Bóg posługuje się samotnością by nauczyć ludzi poczucia wspólnoty z innymi. Posługuje się gniewem by pokazać nam jak wielkie jest dobrodziejstwo spokoju. Bóg posługuje się ciszą by wzbudzić w nas odpowiedzialność za słowa. Chorobami przywołuje błogosławieństwo, jakie niesie nam zdrowie. Bóg przywołuje śmierć by podkreślić i pokazać nam wagę życia.

Często jest tak, że opuszcza nas wiara, bywają chwile, że znikąd nie widzimy nadziei. Wtedy rodzi się w nas pytanie: - czy mój wysiłek jest cokolwiek wart? ale nie słychać znikąd odpowiedzi.

Każdy musi szukać odpowiedzi w sobie, w swoim sercu. Jezus przeżywał podobny etap w swoim życiu, by móc dotrzeć do swego człowieczeństwa. "Niech mnie ominie ten kielich" - powiedział Jezus On także utracił wiarę i odwagę, lecz się nie poddał, szedł dalej. Tak każdy z nas idzie czasami przed siebie bez wiary, ale idzie i wiara w nim odżywa.

AMMY

Agnieszko,
jesteś błogosławiona,
Twoje prośby zostały wysłuchane przez Boga.
Twoje stare życie umarło.

Chociaż spędziłaś dużo dni w mroku
to jednak narodziłaś się od nowa.
Dostałaś WIELKI DAR
- Miłość Żywego Boga,
dał ci moc i stale cię wzmacnia.

I oto Twoja historia,
przeżyłaś wiele
ale udowodniłaś swoją potężną wiarą
..., że niemożliwe stało się rzeczą możliwą!

Dlatego módlmy się nieustannie
... Ojcze, któryś jest w niebie
- Ojcze Życia i Dawco Miłości...


Módlmy się za cały świat i za każdego człowieka,
który podobnie jak Agnieszka szuka dzisiaj dla siebie ratunku,
za wszystkich ludzi, za wszystkie narody, różne kultury i rasy.
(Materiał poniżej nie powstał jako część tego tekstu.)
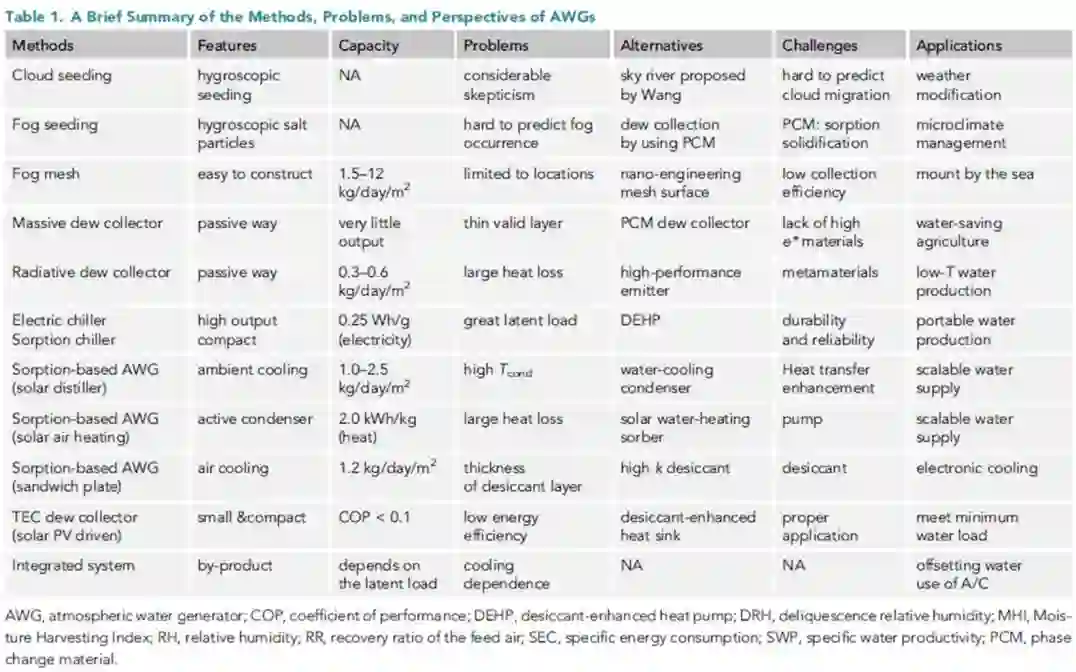 表一. 不同空气取水技术路线的比较

I przekazuję słowa Jezusa:

Pokój zostawiam wam,
pokój wam daję
nie tak jak daje świat,
ja wam daję ...

(Ew. Jana 14:27)

Tą drogą dziękuję wszystkim, którzy przez długie miesiące wspierali Agnieszkę swoimi modlitwami I proszę abyście nie spoczywali, nadal razem trwajmy w modlitwie.